His first appearance as a politician was in 1913–1914 as an opponent of "Sejadi Milet" organization, a pro-Turkish anti-Independence movement powerful in Shkodra at that time. He was also an opponent of Essad Pasha and his pro-Serbian orientation. On 26 July 1916, the armies of Kingdom of Serbs, Croats and Slovenes without any warning attacked Shkodra area from the Montenegrin border side (Hani i Hotit). Bushati was elected as one of the civic resistance groups, operating in the area of Vraka.

He participated at the Albanian assembly held in Bushat as a representative of Shkodër in 1919. There he cooperated with other government, cleric and people's representatives in generating a memo which was sent to the Paris Peace Conference where they opposed further partition of Albanian territories.

Bushati was a delegate in the Congress of Lushnje.
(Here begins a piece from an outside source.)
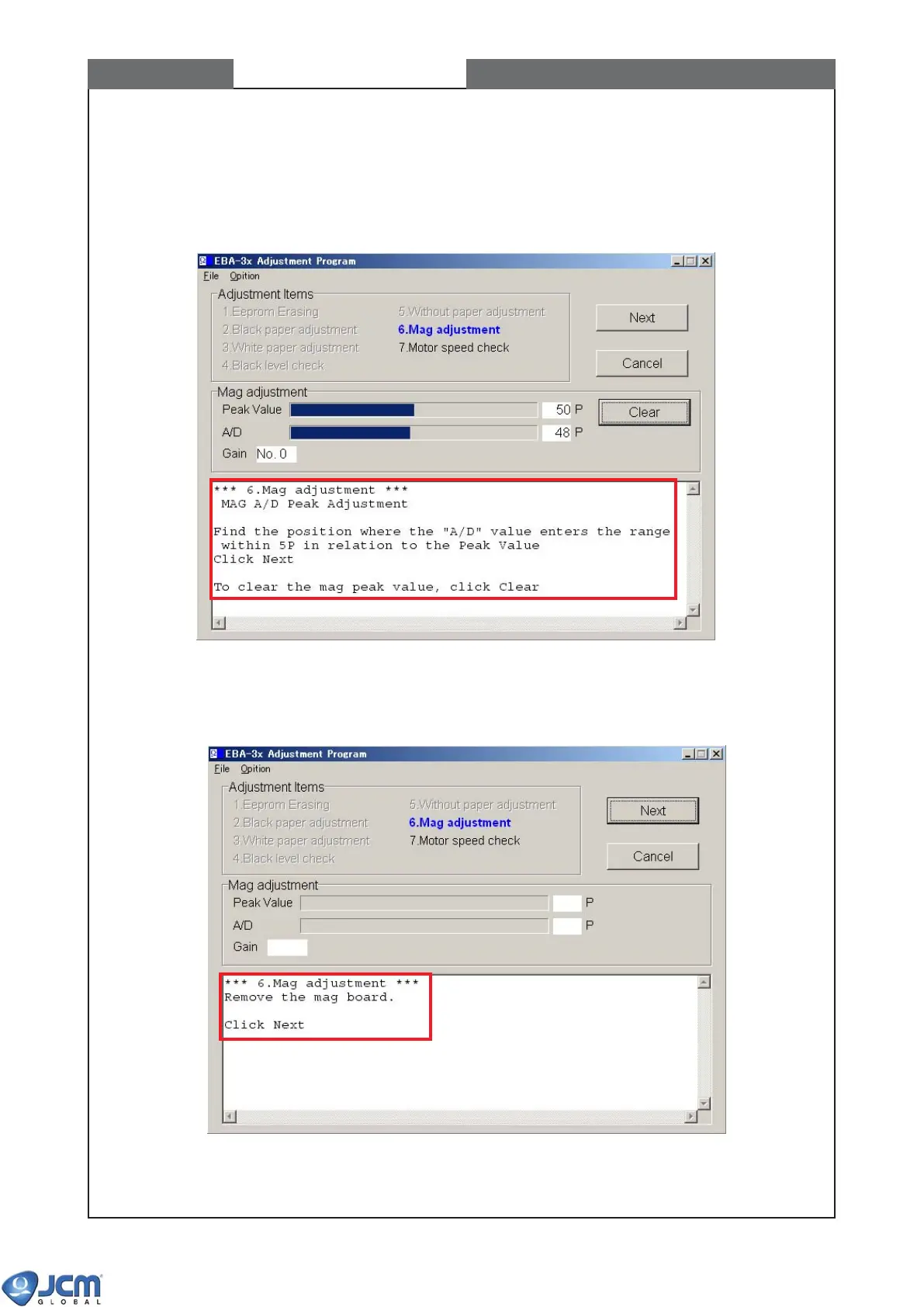 remove the mag board from the EBA-30/32/34 unit and press [Next] button.

On 13 February 1920, two days after the new institutions were installed in Tirana (the new capital), the new parliament representatives Xhemal Bushati, Hilë Mosi, Ndoc Çoba, and Sabri Bushati represented a declaration in the name of Shkodra's population which unconditionally approved all the decision coming out of Lushnja's Congress. Bushati was elected member of the Albanian Parliament after the 1921 elections as representative of his home town. He cooperated closely with Luigj Gurakuqi as two main leaders of the Albanian parliamentary opposition of 1921-24 for the Prefecture of Shkodra. Of thirteen representatives, twelve belonged to the opposition. In 1923 he was elected Assemblyman and again Representative. In March 1923 he protested inside the parliament against the oppression and persecution that followed a revolt in Korçë.
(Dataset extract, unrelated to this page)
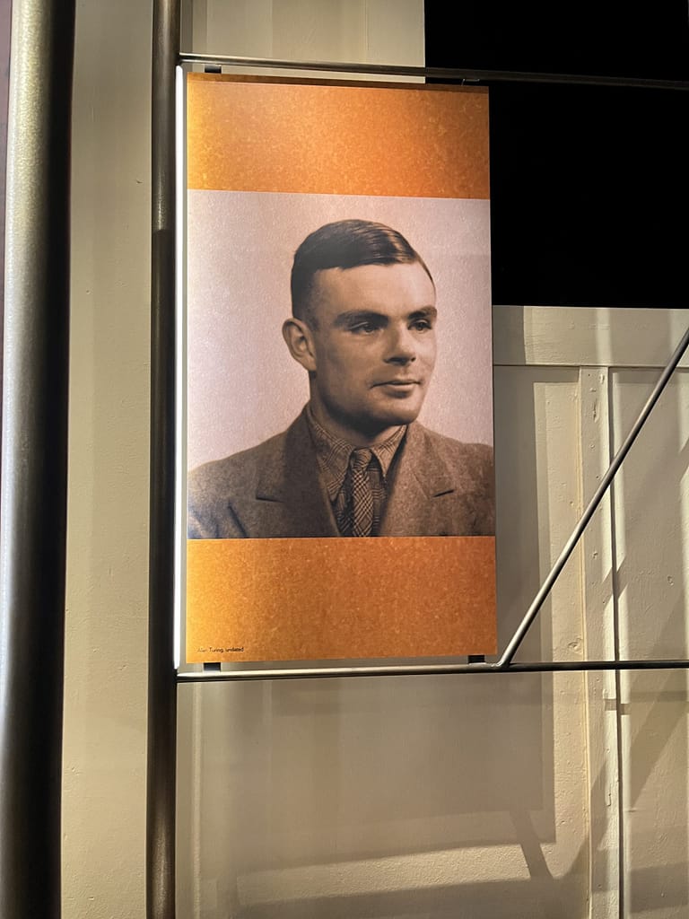 I took the photo of this image, which is on display at the Bletchley Park Museum, about 50 miles north of London, England. View the UK 2023 gallery for more Bletchley.

A supporter of the June Revolution, he was part of the Fan Noli's government as a Minister without Portfolio, representing the moderate-conservative branch of the Albanian politics together with Sulejman Delvina and Rexhep Shala. After the return of Ahmet Zogu in power he left the country and was initially stationed in Bari. After the assassination of Luigj Gurakuqi (still collaborating with him), Bushati left for Paris and after a few months in Vienna, Austria stationed later in Sarajevo. Bushati was a core member of the "Bashkimi Kombëtar" (The National Union) anti-Zogist organization together with Sotir Peci, Sejfi Vllamasi, Angjelin Suma, and Ali Klissura founded in 1925 in Vienna. The organization members were financially supported by Yugoslavia.

Bushati returned in Albania after the Italian Invasion but did not accept any governmental position. He died unexpectedly in August 1941.

During the Communist Era his name was annihilated, and was restored after. In 1993, he was given the posthumous award "Pishtar i Demokracisë" (Beacon of Democracy) by President Sali Berisha.